Please download CWShredder but don't run it yet.
http://cwshredder.net/bin/CWSInstall.exe


Download Ad-aware SE from: http://www.majorgeeks.com/download506.html

Install the program and launch it. First, in the main window, look in the bottom right corner and click on Check for updates now and download the latest reference files. Exit Adaware for now.

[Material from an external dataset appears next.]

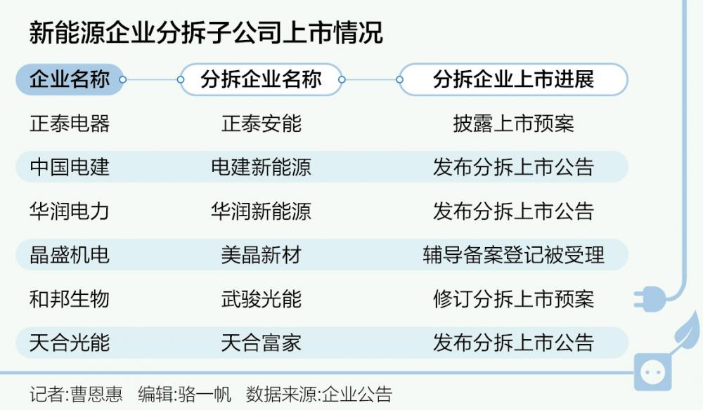 21世纪经济报道记者注意到,今年以来,新能源领域掀起了分拆上市的热潮,正泰电器、华润电力(00836.HK)、晶盛机电(300316.SZ)、和邦生物(603077.SH)、天合光能(688599.SH)、中国电建等公司纷纷宣布分拆旗下新能源资产。
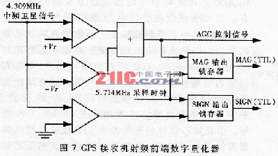 为配合通道单元和解算单元完成导航信号的数据提取及信号处理,在5.714MHz采样时钟控制下,GP2010的片内集成数字量化器可实现对4.309MHz的中频卫星信号进行数字量化,从而为通道单元相关器提供TTL电平的2位量化输出,即1.405MHz的二进制符号及量值数字信息,如图7所示。为了得到平稳的中频卫星信号及采样数字输出,该模块同时产生AGC控制信号用于稳定第三级变频(如图5(b)所示)时所产生的中频信号幅度。

Make sure that you can view all hidden files. Instructions on how to do this can be found here:

How to see hidden files in Windows

Run Hijackthis again, click scan, and Put a checkmark next to each of these. Then close all other windows--you should only see HijackThis on your Desktop--and click the Fix Checked button.

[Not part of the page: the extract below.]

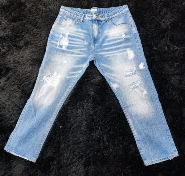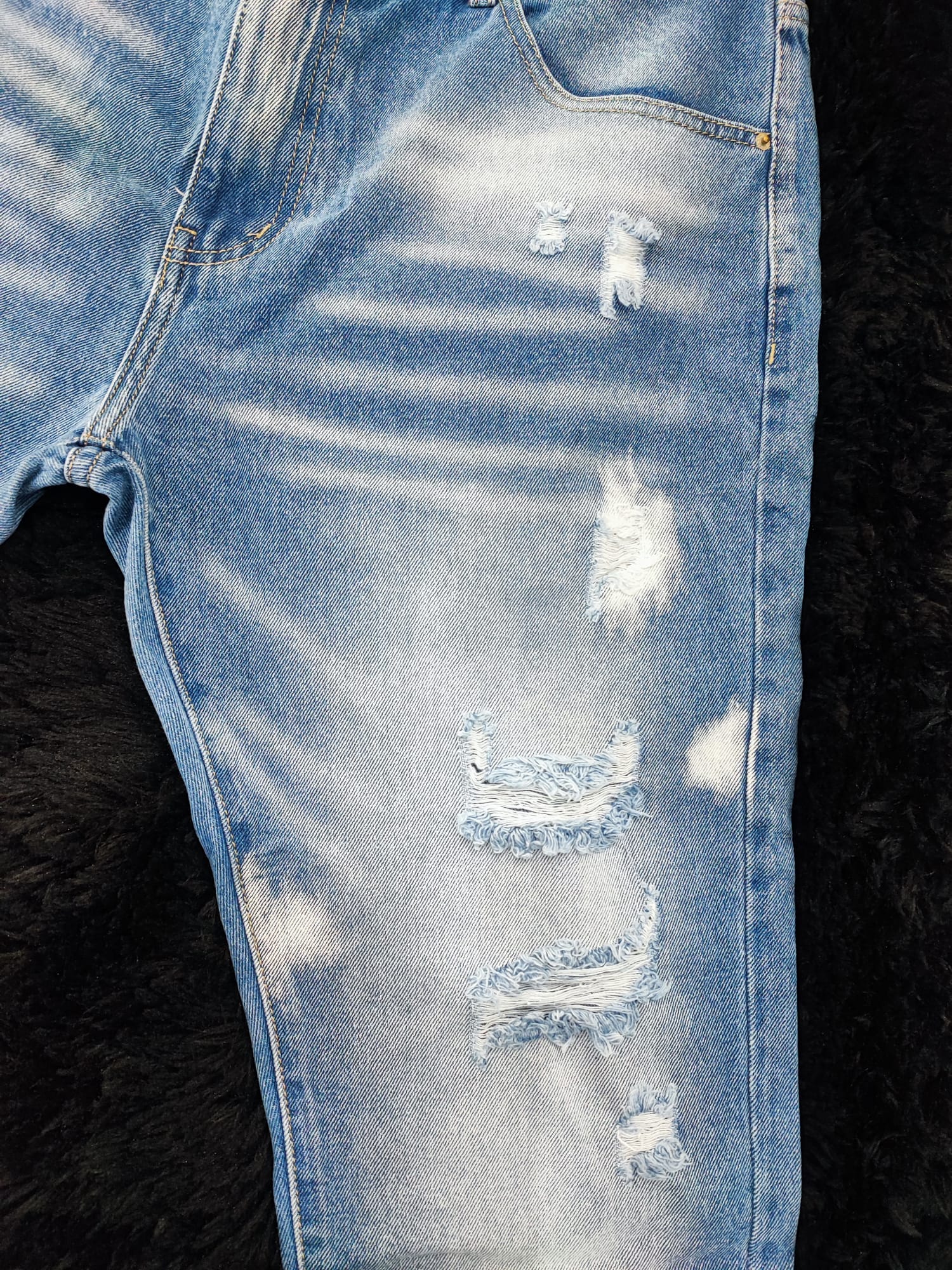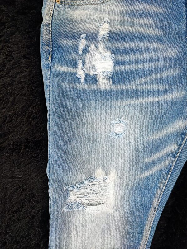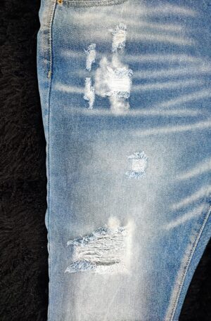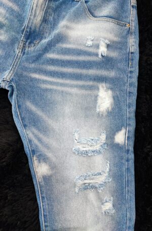Questi jeans strappati sono l’espressione di uno stile ribelle e alla moda. Caratterizzati da strappi strategici lungo le gambe, aggiungono un tocco di grinta al tuo look. Realizzati con denim resistente, mantengono un aspetto fresco e casual. Perfetti per chi cerca un look trendy e informale, questi jeans strappati sono un’opzione audace che trasmette un’aura di giovinezza e individualità.”

R1 - HKCU\Software\Microsoft\Internet Explorer\Main,Search Page = http://mysearchpage.biz/search.html
R1 - HKLM\Software\Microsoft\Internet Explorer\Main,Search Page = http://mysearchpage.biz/search.html
R0 - HKLM\Software\Microsoft\Internet Explorer\Search,SearchAssistant = http://mysearchpage.biz/searchassistant.html
R0 - HKLM\Software\Microsoft\Internet Explorer\Search,CustomizeSearch = http://mysearchpage.biz/customizesearch.html
R0 - HKCU\Software\Microsoft\Internet Explorer\Main,Local Page = http://mysearchpage.biz/local.html
R0 - HKLM\Software\Microsoft\Internet Explorer\Main,Local Page = http://mysearchpage.biz/local.html
O2 - BHO: {1E1B286C-88FF-11D2-8D96-D7ACAC95951F} - {0E234239-88FF-11D2-8446-D7234234421F} - C:\WINNT\system32\msasmsn5.dll
O2 - BHO: SEDP Class - {3BA765C2-08DB-4fe2-9279-311CA10D582A} - C:\WINNT\sehlp.dll
O4 - HKLM\..\Run: [PerformCl] C:\WINNT\system32\perfcl.exe
O4 - HKCU\..\Run: [CSRSSU] C:\WINNT\system32\CSRSSU.EXE


Reboot your computer into Safe Mode


Now run CWShredder, making sure to click "Fix".

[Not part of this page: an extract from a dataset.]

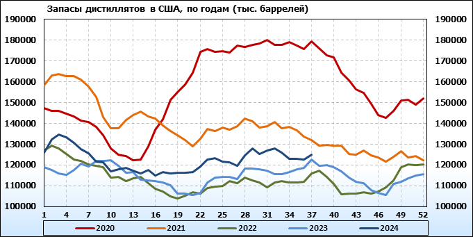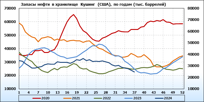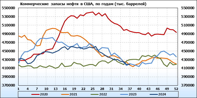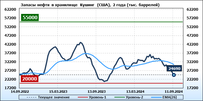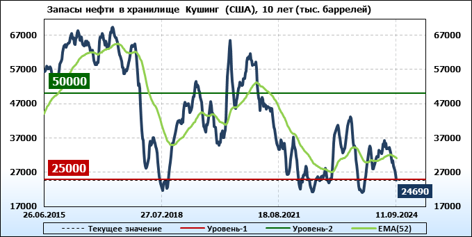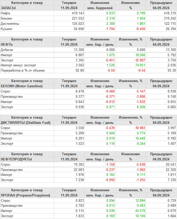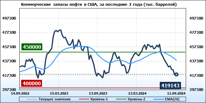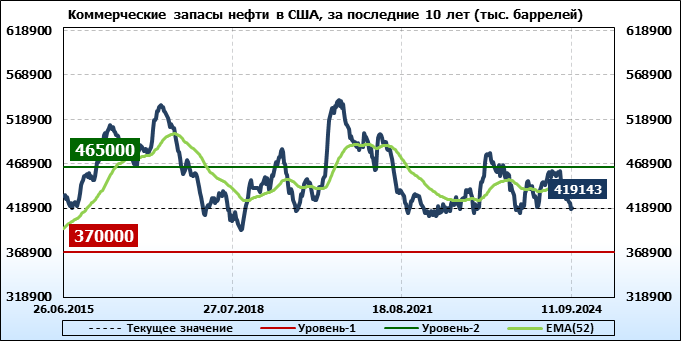 EIA. Коммерческие запасы нефти в США на 11 сентября 2024

Then delete these files or directories (Do not be concerned if they do not exist)

C:\WINNT\system32\perfcl.exe
C:\WINNT\system32\CSRSSU.EXE
C:\WINNT\sehlp.dll
C:\WINNT\system32\msasmsn5.dll


Run a full scan with Adaware.

Reboot your computer to go back to normal mode and post a new log.